ACEAPEX breaks LZ77 decoding bottleneck with 3.1x speedup over zstd
Parallel LZ77 decoder hits 44 GB/s on GPU and 10,869 MB/s on CPU
ACEAPEX, a novel parallel LZ77 codec from researcher Yakiv Shavidze, tackles the fundamental sequential bottleneck in LZ77 decoding. Traditional LZ77 decoders must process back-references sequentially because each reference depends on previously decompressed data, preventing multi-core scaling. ACEAPEX solves this by converting all back-references to absolute positions in the decompressed output during encoding and organizing data into self-contained 1 MB blocks. This enables embarrassingly parallel block-level decoding on any number of cores.

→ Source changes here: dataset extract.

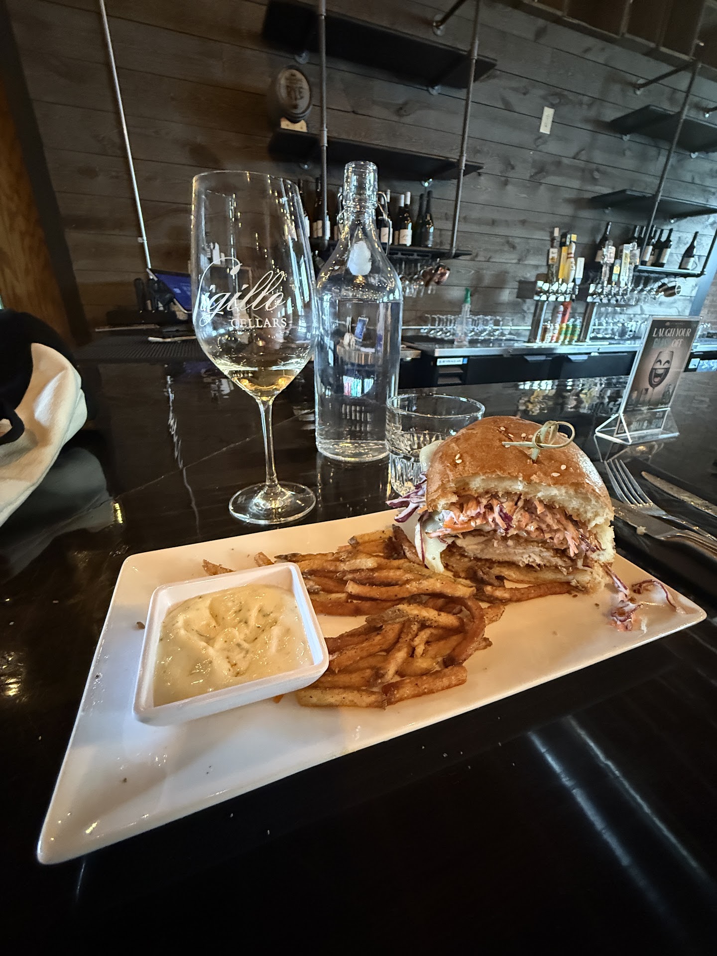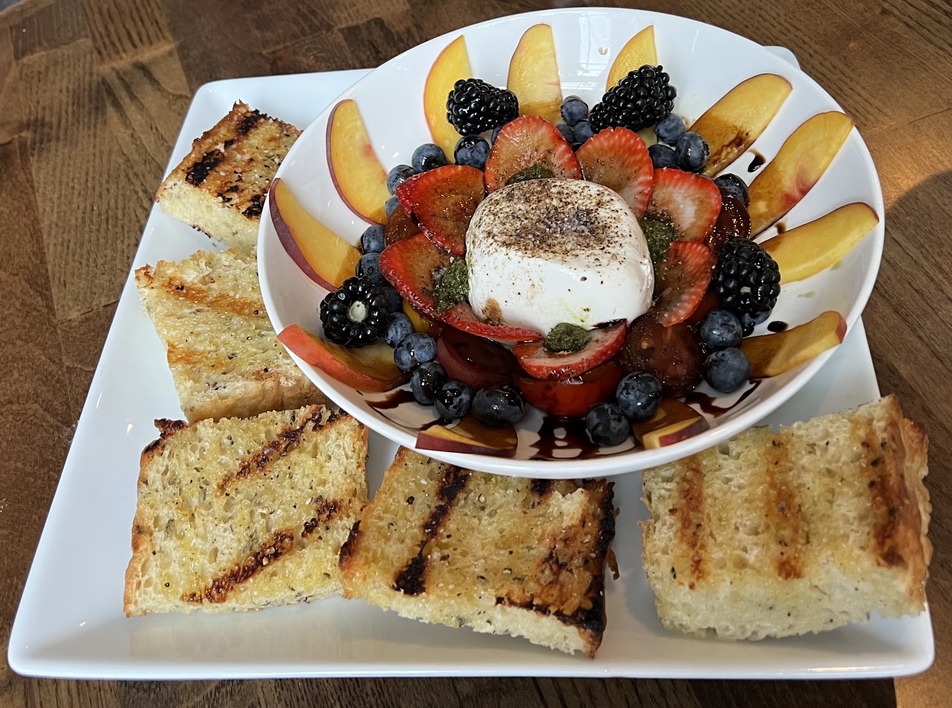 Every time I drive into Chelan I always say I want to go Sigillo Cellars and we finally went and I'm so happy we did! I must say, it was an exceptional experience. From the moment I stepped into their charming tasting room, I felt welcomed and at ease. The service at Sigillo Cellars is truly outstanding. The waiter was knowledgeable, friendly, and passionate about their wines. I wish I got his name but when we were leaving, he was busy helping others. He took the time to explain specific wines, share interesting stories, and make you feel like a valued guest. Whether you're a seasoned wine enthusiast or a novice, you'll appreciate their warm hospitality. The tasting room itself is in the beautifully restored Lakeside School Building on the south shore of Lake Chelan. You can choose to sit on the shaded deck, enjoy live music on the stage, or take in the stunning lake view from the rooftop deck. It's an idyllic setting for savoring great wine. We had a feast as well and shared several delicious plates between all of us. The Charcuterie Board features an assortment of cured meats, cheeses, seasonal fruits, nuts, and house-made crackers. The rotating house-cured charcuterie adds a unique touch. The Black Garlic Crostini is a must have, same as the Spring Burrata. These two dishes explode in your mouth! The black garlic crostini are served on house focaccia, topped with a flavorful black garlic spread, balsamic grape tomato, basil, and a hint of lemon zest. The Creamy burrata is accompanied by cherry tomato, strawberry, blueberry, balsamic reduction, and chive. A burst of flavors! The Satay Skewers were a group favorite! The skewers feature chicken thigh, red onion, and bell pepper, marinated in Thai curry, coconut milk, fish sauce, garlic, and cilantro. A flavorful treat! We decided to get a healthy choice which was the massaged kale salad. This salad features Lacinato kale, roasted chickpeas, red onion, strawberry, watermelon radish, almond, and Parmesan, all tossed in a delightful strawberry vinaigrette. We also got the Kids Board which was a very good size, and the kiddos loved every bite! Overall, Sigillo Cellars provides a delightful culinary experience with a variety of flavors, perfectly complemented by their wine selection. If you're in Chelan, don't miss out...

Performance benchmarks are striking. Integrated into lzbench, ACEAPEX achieves 10,160 MB/s on an AMD EPYC 4344P (8 cores) and 10,869 MB/s on an EPYC 9575F for FASTQ genomic data — up to 3.1x faster than zstd -3 at comparable compression ratios. On the GPU side, a wavefront decoder on NVIDIA H100 SXM measures 44.0 GB/s on enwik9 and 20.3 GB/s on FASTQ (bit-perfect verified). With a depth-limited encoder variant that sacrifices only 1.5% ratio on enwik9, GPU throughput reaches 77.2 GB/s on a single H100 and an astonishing 249.9 GB/s on two H100s in NVLink configuration. This is the first reported GPU LZ77 decode achieving near-standard compression ratio with byte-for-byte verification.
- ACEAPEX stores LZ77 back-references as absolute positions, enabling parallel block-level decoding in 1 MB blocks
- CPU performance reaches 10,869 MB/s on EPYC 9575F — up to 3.1x faster than zstd -3 at similar ratios
- GPU wavefront decoder hits 77.2 GB/s on single H100, 249.9 GB/s on two H100s via NVLink (depth-limited encoder)
Why It Matters
Breaks LZ77's sequential decode wall, unlocking GPU-scale decompression for large datasets like genomics and logs.